Jeżeli Bóg, jakiego znamy z Pisma Świętego jest Bogiem nieskończenie dobrym, to dlaczego na świecie wciąż istnieje tyle cierpienia? Każdy chrześcijanin wierzy, iż Bóg jest miłosierny, gdyż ma moc i władzę czynić wszystko czego zapragnie. Nie jest w żaden sposób ograniczony a jego mądrość jest powodem, dla którego zawsze wie co dla człowieka jest w danej chwili najlepsze.

Pozwól, że przytoczę pewną historię:

Fryzjer rozmawia ze swoim klientem i mówi do niego:
– Bóg nie istnieje, bo gdyby istniał nie pozwolił by na morderstwa,
cierpienie i całe to zło na świecie.
Klient następnego dnia wrócił z kolegą, który miał długie włosy i odpowiedział:
– Wiesz co?

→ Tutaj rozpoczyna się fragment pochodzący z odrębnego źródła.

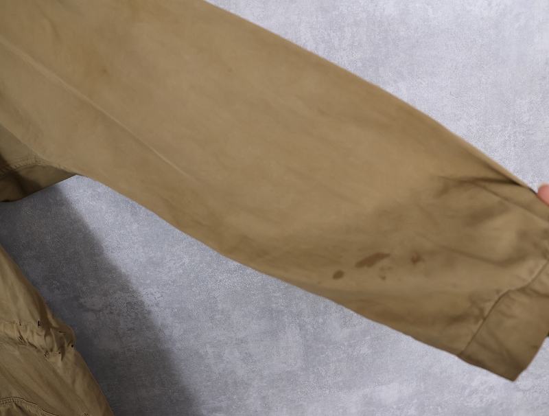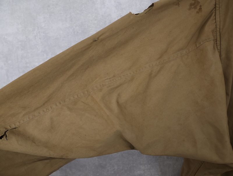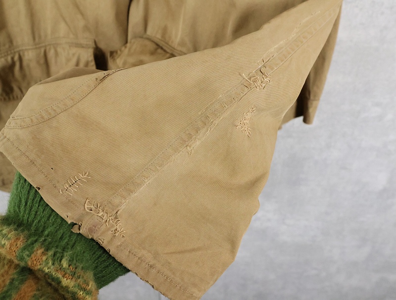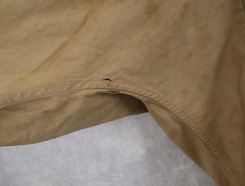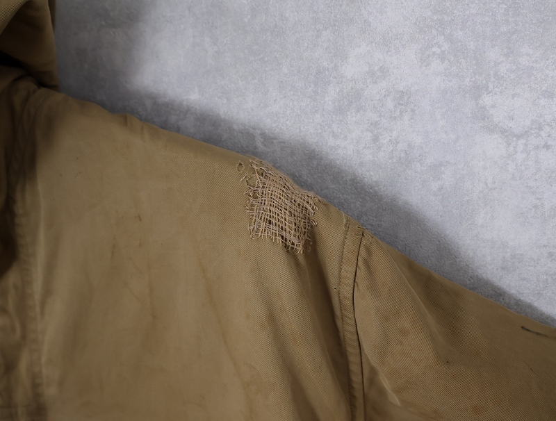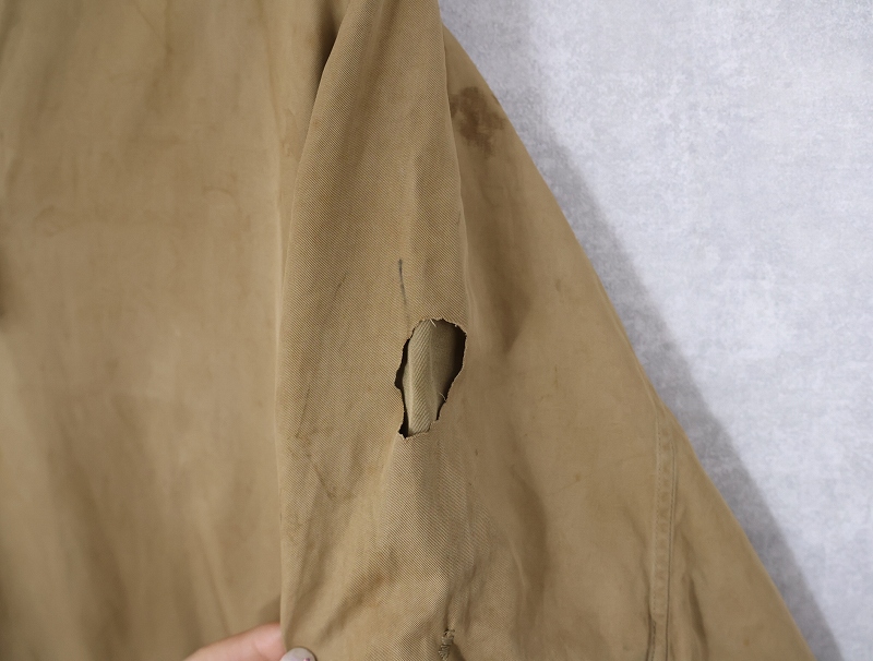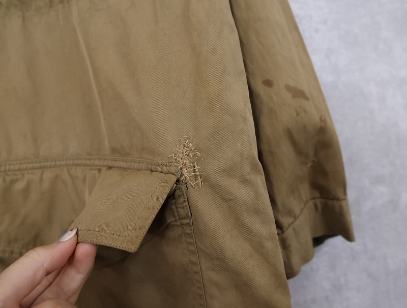 - 生地の劣化による裂け・小穴や、リペア跡、よごれがありますがありますが、雰囲気が出ており、大変かっこいい一点です。
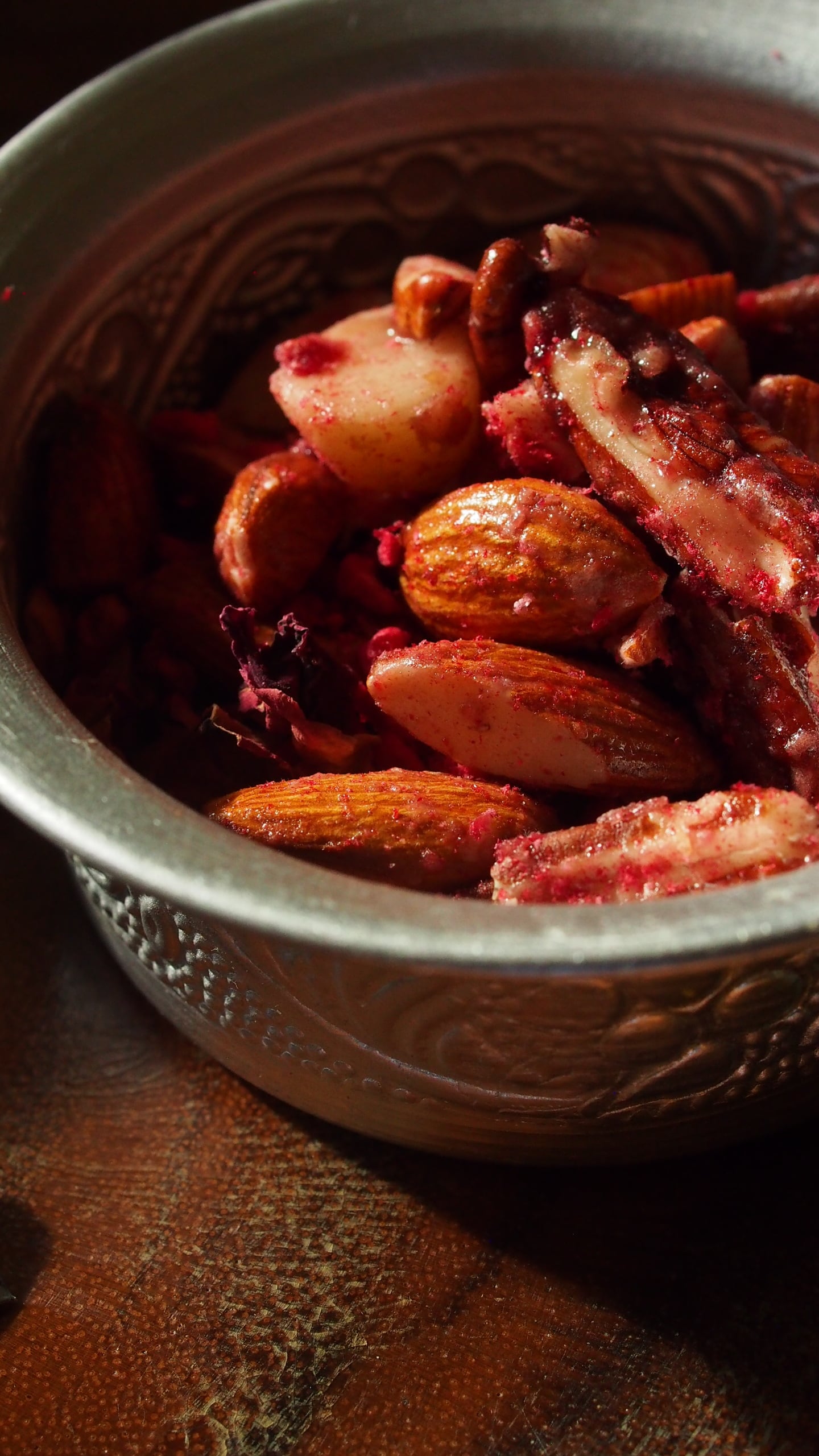 ドライいちじく、ドライラズベリー、ローズウォーター、ローズペタル

Fryzjerzy nie istnieją!
– Jak to przecież ja jestem fryzjerem?
– Gdyby fryzjerzy istnieli nie było by ludzi z długimi włosami jak mój kolega.
– Fryzjerzy istnieją problem w tym, że Ci ludzie przychodzą aby się ostrzyc.
– No właśnie Bóg też istnieje ale ludzie do niego nie przychodzą aby miłować.

 

 

Fundamentem religii chrześcijańskiej jest wiara w to, że Bóg jest miłością. A połączenie mądrości i miłości stanowi niezaprzeczalną moc Boga.

Wiara w ten fakt daje poczucie bezpieczeństwa, a dopiero przykre doświadczenia z naszego życia mogę te wiarę zachwiać. Wtedy sobie myśli – czy popełniłeś jakiś błąd, albo czy Twój obraz Boga jest zniekształcony?

Problem przedstawia się następująco:

  1. Jeżeli Stwórca jest wszechmogący, to może zakończyć każde cierpienie;
  2. Jeżeli jest miłością, to chce też zakończyć każde cierpienie;
  3. Jeżeli jest mądry, to wie jak zakończyć każe cierpienie.

Mimo to krzywdy trwają dalej, a nierzadko dotykają najbardziej tych, którzy wcale na nie nie zasługują.

Taki twardy orzech do zgryzienia mają wierzący w Boga, jak również Ci, którzy dopiero go odnajdują w życiu. Inaczej mówiąc – cierpimy dlatego, że wierzymy w Boga!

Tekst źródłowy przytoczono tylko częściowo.